Клер с любопытством уставилась на шерстяную лыжную шапочку, покрывавшую большую часть воробьиной головы миссис Риверс. Старушка похлопала по шапочке рукой и прогудела:

– Это от тараканов. Ужасные твари. Один залез мне в ухо месяц назад. Я целыми днями слушала, как он там все хрустел и хрустел. Пришлось вызвать доктора-лепча. Потрясающий человек. Ну, так о Магде…

– Я не уверена, родственники ли мы… – нерешительно начала Клер. – По крайней мере… я внучка Уильяма Флитвуда и думаю, что Магда, возможно, была… – Она замялась. – Мой дедушка, возможно, был незаконнорожденным сыном Магды. Но у меня нет доказательств.

– Да мы все здесь ублюдки, милочка! – пророкотала старая леди. – Это все чай. – Своей костлявой рукой она взяла фонарик и посветила на лицо Клер. – Бог мой, девочка! Да ты же черная, как тамилка! Не лучше нашего брата.

– Я долго была в горах, – ответила Клер, мысленно удивляясь своему извиняющемуся тону, – Солнце просто палило.

– Моя жена наполовину лепча, наполовину йоркширка, – вставил Риверс, как будто это многое объясняло.

Клер подпрыгнула и взвизгнула, когда к ней на колени тяжело приземлилось что-то пушистое.

– Это Гладстон, – спокойно сказала миссис Риверс. – Мы получили его в наследство от одной женщины-парси, жившей по соседству, которая умерла. Звали по имени какой-то дурацкой индусской кинозвезды.

– Женщину? – Здесь сложно было уследить за цепочкой связей.

– Кота.
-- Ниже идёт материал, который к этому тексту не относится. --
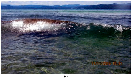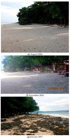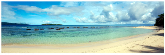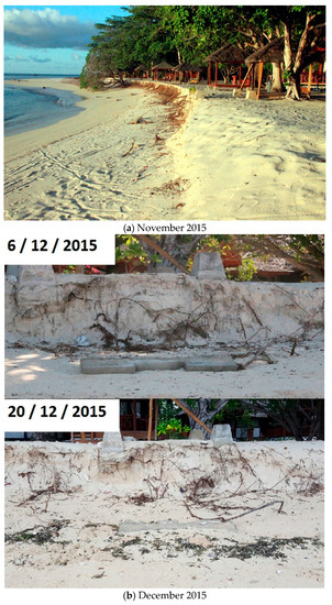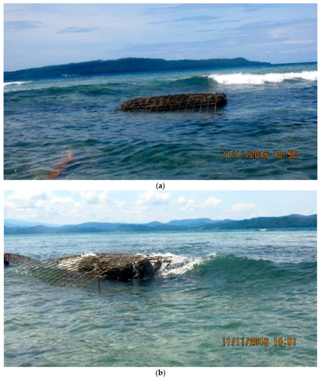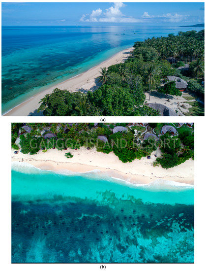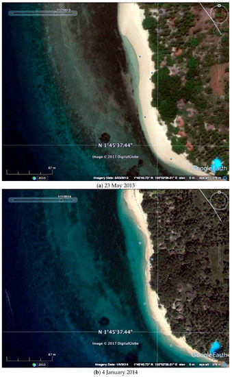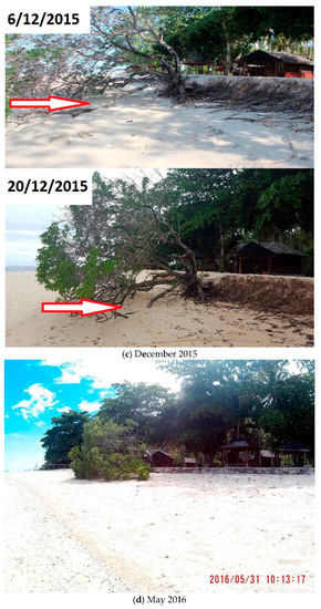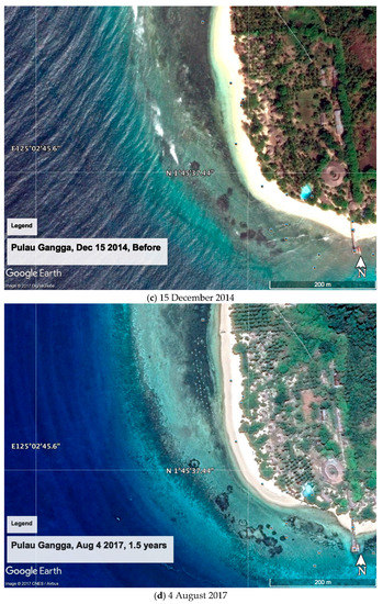Pulau Gangga, North Sulawesi, Indonesia, has suffered progressive beach erosion. The index maps show its location on various scales (Figure 1a–d), and Google Earth images show the rapid erosion of the beach between 2013 and 2014 (Figure 2a,b). The site is outside the typhoon belt because it is close to the Equator, but it is affected by both the Australian and Indo-China Monsoons. From around December through May the winds and waves are usually from the southeast. A strong southward tidally-modulated current normally sweeps sand from north to south at the site.

Пока мы не объяснили ей, что это самец.

Гладстон вонзил когти в бедро Клер.

– Сбросьте этого мерзавца на пол, если он вам докучает. Сама терпеть не могу проклятого кота. Но ему он нравится. – Она качнула лыжной шапочкой в сторону Риверса. – Паршивый, никчемный крысолов.

Клер, пытаясь не захихикать вслух, с несколько истеричным любопытством подумала, кого же имела в виду миссис Риверс – мужа или кота. Девушка дала Гладстону увесистый шлепок под зад, тот зашипел и нырнул под кровать, откуда тотчас же донесся грохот бьющихся бутылок и сильный запах алкоголя.

– Этот суки сын перевернул наш бар! – воскликнула миссис Риверс. – Я убью его, если он разбил бренди!

– По-моему, это джин, – оценивающе потянул носом воздух мистер Риверс.

– Мы получили его от бутанской королевы-матери, в качестве платы за нарциссы.

– Моя жена раньше разводила превосходные махровые нарциссы.

– Было время, когда всякий мечтал заполучить мои цветы, – вздохнула миссис Риверс, но тут же оживилась. – Ну же, старик! Не забывай, девочка приехала сюда не для того, чтобы обсуждать луковицы!

– Нет, нет… – Он принялся неуклюже рыться среди папок, наваленных на кровати. – Позвольте – а, вот, нашел! – В руки Клер лег инструмент, сочетавший в себе телескоп и подвижное зеркальце.

– Гелиограф, – сказал Риверс. – От греческого слова. Обозначает запись с помощью солнца. У меня в саду есть цветок с похожим именем, гелиотроп…

Изгнанный подсолнечник, подумала Клер.

Миссис Риверс прокашлялась.

Ее муж поспешно продолжил:

– Этот прибор раньше использовали для подачи сигналов, особенно в геодезических работах. Зеркало, отражая солнечные лучи, служило своего рода искусственным горизонтом. Этот гелиограф принадлежал моему деду, его отправили мне после смерти Магды Айронстоун, вместе с запиской и рисунками.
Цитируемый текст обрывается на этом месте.